▶ **Supplied records**:
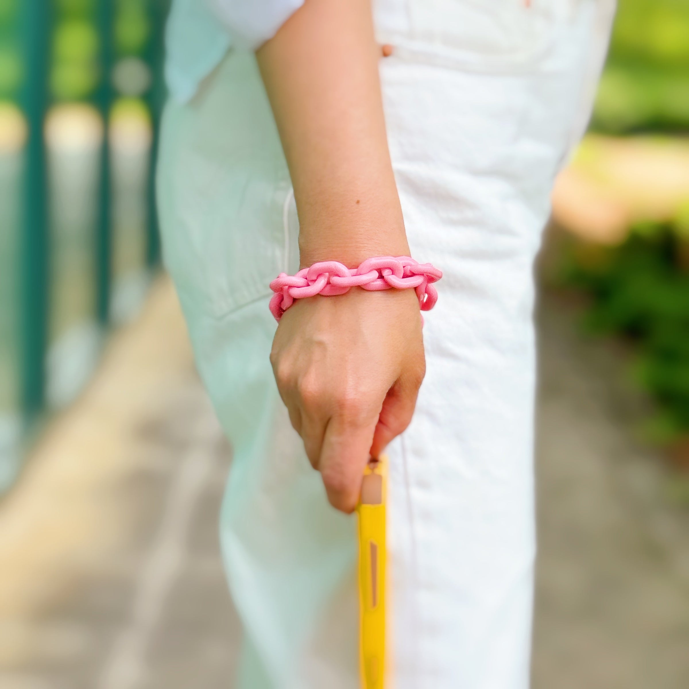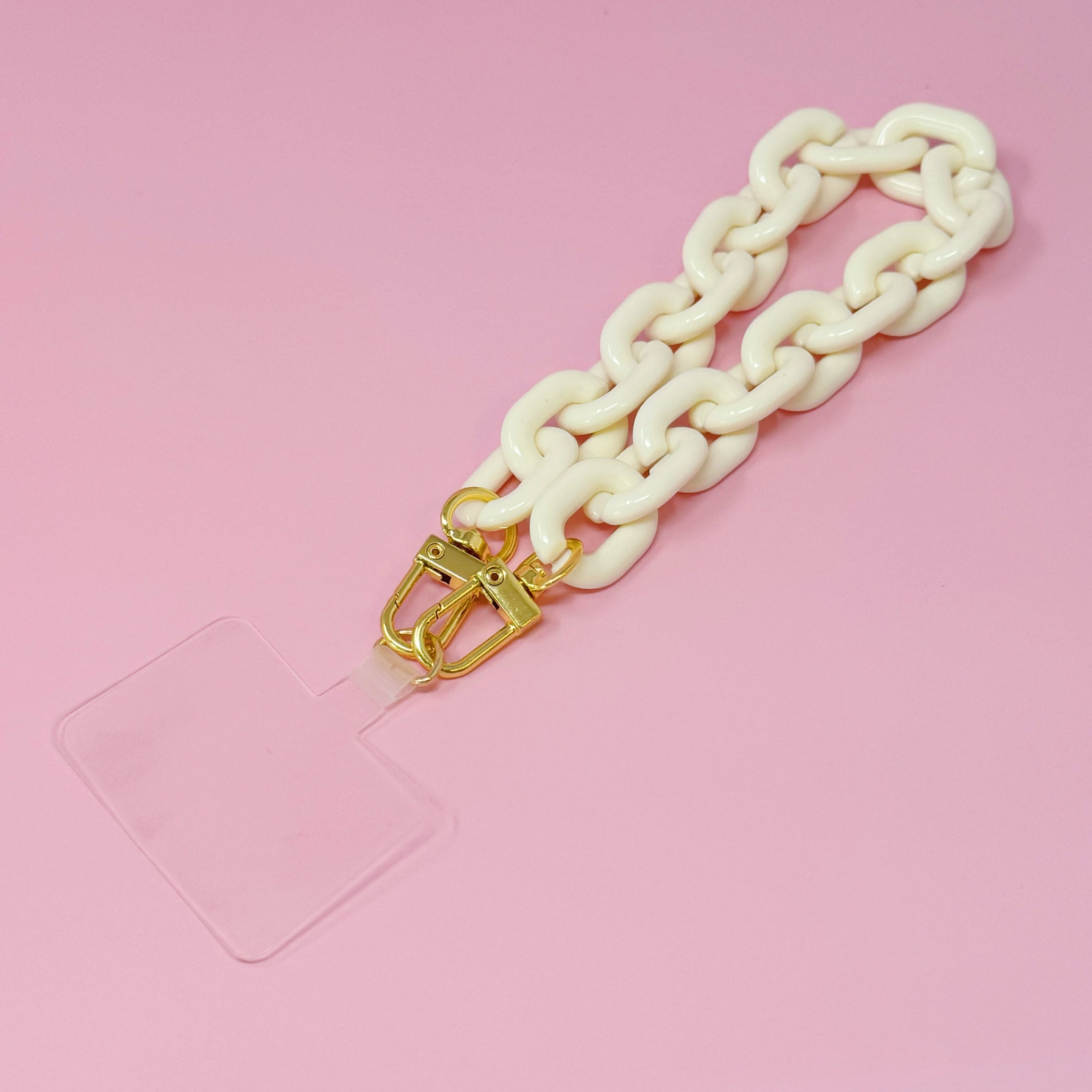 Attach this versatile wrist lanyard to your phone, wallet, or keys for hands-free convenience. The lightweight acrylic chain features golden hardware and includes a cello card for easy attachment. Keep your essentials close and secure with the Link Multi Function Phone Wrist Lanyard.
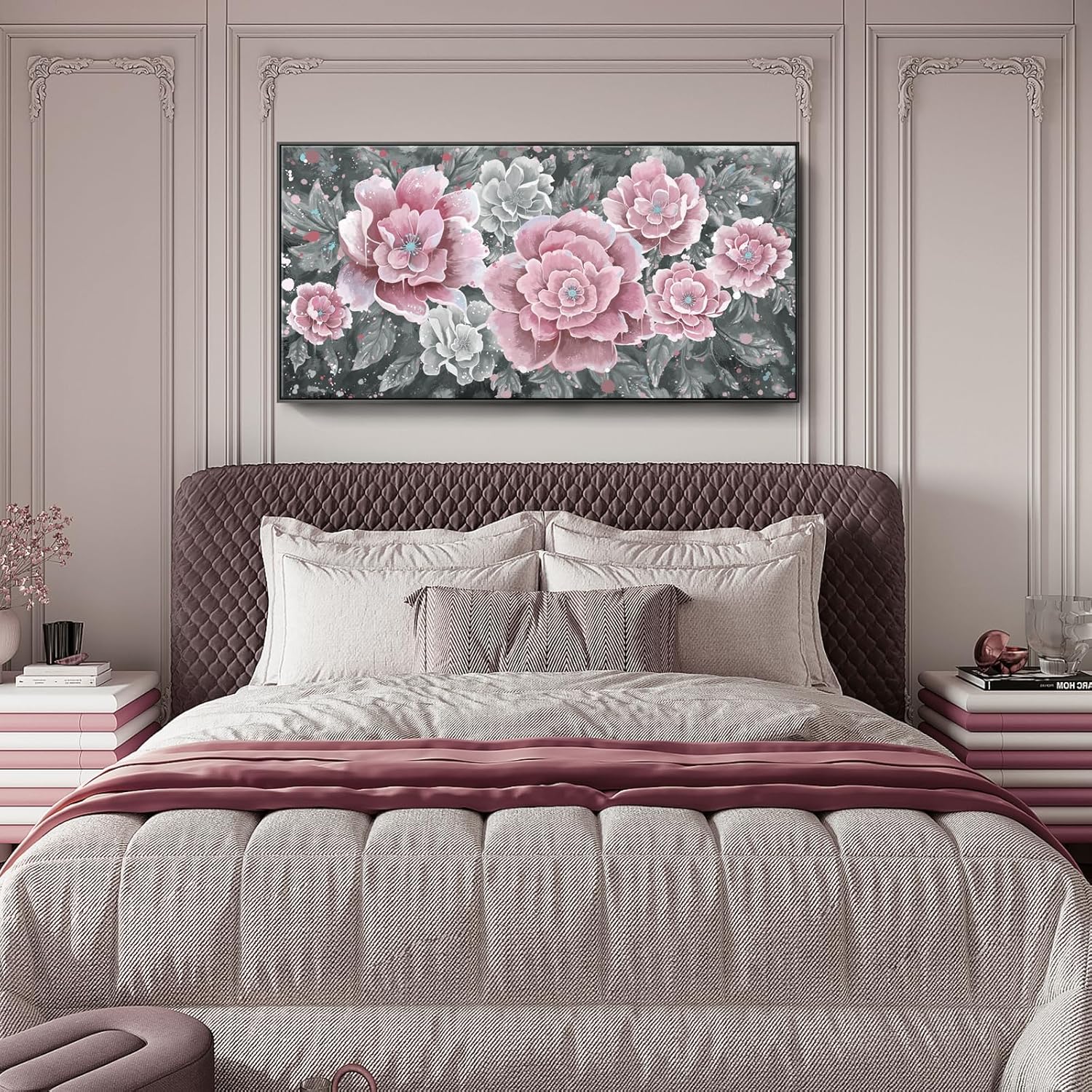 - Black Frame Details: This extra large artwork is presented in a modern floating frame that enhances its elegant look. Measuring 1.26 inches wide, the frame creates the illusion that the canvas is floating, adding depth and dimension to your pink wall art.
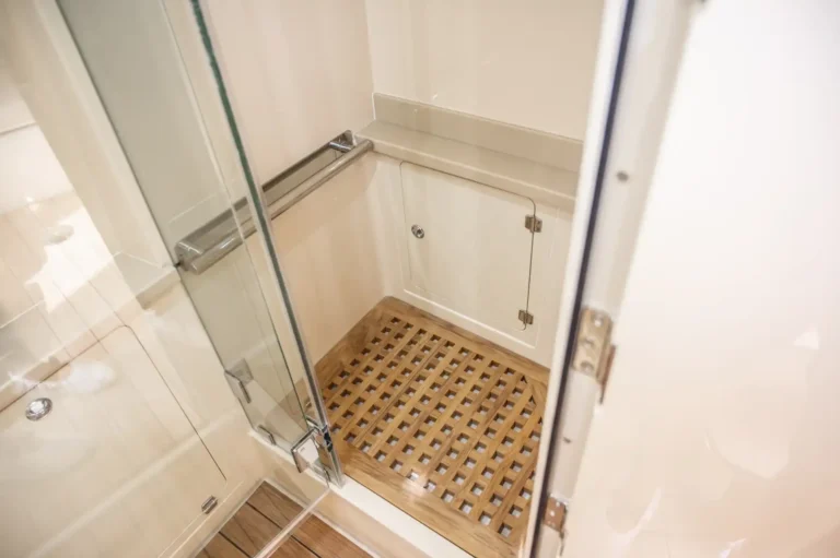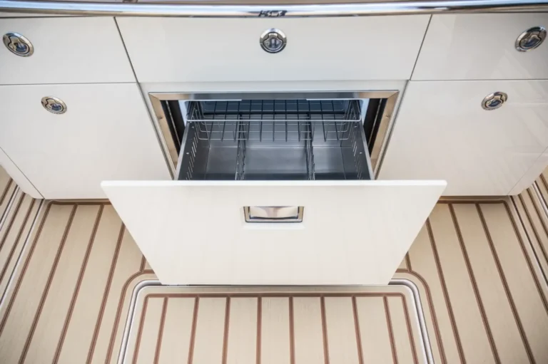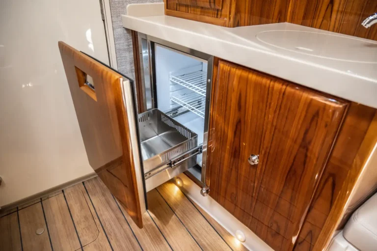 The bow area is dual purpose with seating to accommodate guests on the forward-facing lounger or around bow seats and table that convert to a large sun pad for lazy days catching rays; or remove the cushions for a fully functional fishing platform. The luxuriously functional cabin with queen sized berth, storage galore, galley kitchen, and separate head/shower compartment is the perfect place for air-conditioned comfort on hot days as well as longer trips with overnight stays.
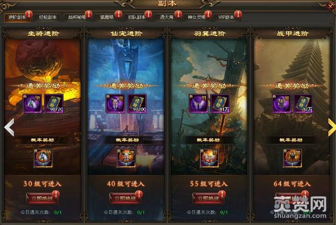 每日可通关各个副本一次,获得丰厚进阶道具和巨额经验奖励。
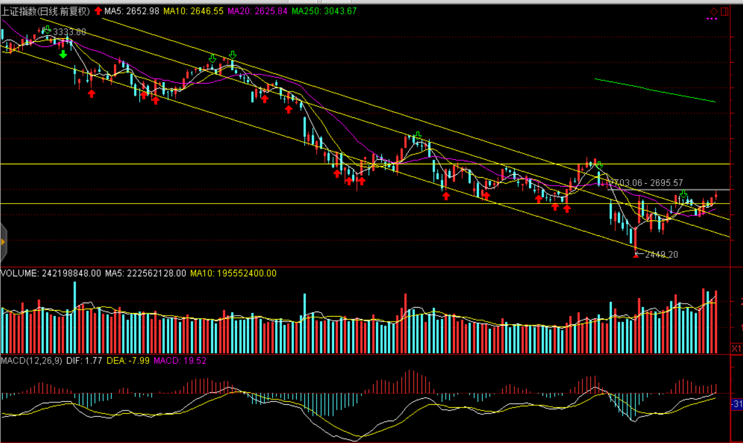 技術(shù)面:上周周線量價配合震蕩上揚趨勢,自10月19日見底以來運行21個交易日,短期指數(shù)仍有反復上揚需求,本周20周均線面臨壓力(滬綜指2700點一線、創(chuàng)業(yè)板1430點一線)。
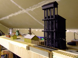 Stück der Plattform mit der Treppe vom Bahnhofsgebäude - ein Toilettengebäude, kitbashed aus einem Gebäude der Outhouse-Collection von The Building and Structure - das Halbreflief Warehouse, komplett scratchbuild, - der Baker-Watertank aus einem Banta-Bausatz - ein kleines Company Bunkhouse aus einem Bausatz von Deerfield River Laser (eigentlich ein Miner's Shack |
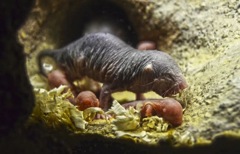 这个其实和裸鼹鼠的社会属性有关系,它们和蚂蚁、蜜蜂差不多,整个群体中只有一个女王拥有生育权利,女王超生的部分其它雌性个体可以帮忙哺乳。

▶ **Exercise objective**: Output the records exactly, and let none of their pictures appear in the copy.

▶ **Answer section**:
 Attach this versatile wrist lanyard to your phone, wallet, or keys for hands-free convenience. The lightweight acrylic chain features golden hardware and includes a cello card for easy attachment. Keep your essentials close and secure with the Link Multi Function Phone Wrist Lanyard.
 - Black Frame Details: This extra large artwork is presented in a modern floating frame that enhances its elegant look. Measuring 1.26 inches wide, the frame creates the illusion that the canvas is floating, adding depth and dimension to your pink wall art.
 The bow area is dual purpose with seating to accommodate guests on the forward-facing lounger or around bow seats and table that convert to a large sun pad for lazy days catching rays; or remove the cushions for a fully functional fishing platform. The luxuriously functional cabin with queen sized berth, storage galore, galley kitchen, and separate head/shower compartment is the perfect place for air-conditioned comfort on hot days as well as longer trips with overnight stays.
 每日可通关各个副本一次,获得丰厚进阶道具和巨额经验奖励。
 技術(shù)面:上周周線量價配合震蕩上揚趨勢,自10月19日見底以來運行21個交易日,短期指數(shù)仍有反復上揚需求,本周20周均線面臨壓力(滬綜指2700點一線、創(chuàng)業(yè)板1430點一線)。
 Stück der Plattform mit der Treppe vom Bahnhofsgebäude - ein Toilettengebäude, kitbashed aus einem Gebäude der Outhouse-Collection von The Building and Structure - das Halbreflief Warehouse, komplett scratchbuild, - der Baker-Watertank aus einem Banta-Bausatz - ein kleines Company Bunkhouse aus einem Bausatz von Deerfield River Laser (eigentlich ein Miner's Shack |
 这个其实和裸鼹鼠的社会属性有关系,它们和蚂蚁、蜜蜂差不多,整个群体中只有一个女王拥有生育权利,女王超生的部分其它雌性个体可以帮忙哺乳。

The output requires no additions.